- Culture
- 14 Apr 04
Sacreligious even by the standards Hollywood insists on applying to children’s literature, the utterly excruciating C**t In The Hat really should motivate the late Dr.Seuss’s estate to take out a barring order against anyone who would dare fuck with his creations
Sacreligious even by the standards Hollywood insists on applying to children’s literature, the utterly excruciating C**t In The Hat really should motivate the late Dr.Seuss’s estate to take out a barring order against anyone who would dare fuck with his creations – instead, they seem perfectly happy to co-operate with these increasingly wretched enterprises. Following on from Jim Carrey’s thoroughly unamusing efforts in 2000’s The Grinch Who Stole Christmas, the studio has opted for Mike Myers, the only man on earth capable of outdoing Carrey in the hyperactivity stakes – and while it may have seemed a good idea at the time (kids adore Austin Powers) the results are so dire they have to be seen to be believed.

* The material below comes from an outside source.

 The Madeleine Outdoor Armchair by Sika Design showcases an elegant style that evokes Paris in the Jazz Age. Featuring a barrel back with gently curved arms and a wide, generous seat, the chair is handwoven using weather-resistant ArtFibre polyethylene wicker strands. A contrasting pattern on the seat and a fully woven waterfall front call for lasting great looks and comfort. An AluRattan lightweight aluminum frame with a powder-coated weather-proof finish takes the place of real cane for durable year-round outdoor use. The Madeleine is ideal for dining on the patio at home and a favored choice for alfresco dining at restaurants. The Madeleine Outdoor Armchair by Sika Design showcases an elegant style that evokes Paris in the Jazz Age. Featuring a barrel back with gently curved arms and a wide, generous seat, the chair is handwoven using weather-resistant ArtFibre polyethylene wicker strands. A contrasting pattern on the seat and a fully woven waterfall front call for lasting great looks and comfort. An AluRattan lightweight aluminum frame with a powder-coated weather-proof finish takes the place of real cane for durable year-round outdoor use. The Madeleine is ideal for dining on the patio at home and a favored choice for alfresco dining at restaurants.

Incompetent beyond description in all areas except that of set design, The Cat in the Hat is unworthy of comparison to any kids’ film of the last ten years, with the singular exception of 1996’s The Stupids, which it resembles in several respects. Myers is the primary culprit, with an insufferable display of desperately forced, clownish ear-to-ear grinning, but it would be thoroughly unfair to blame him entirely for the mess, with no humour or imagination whatsoever applied to the plot. Said plot, of course, concerns a chronically mischievous feline intruder who arrives, unannounced and uninvited, in the house of two unpleasantly spoilt American kids while their mom is out at work, and then proceeds to wreak havoc on the house, in the process appealing to kids’ basest anarchic, destructive impulses.
The only thing about Cat in the Hat that resembles a saving grace is its merciful 82-minute duration, but anyone who has ever enjoyed any of Seuss’ work is duty-bound to steer as wide a berth as humanly possible.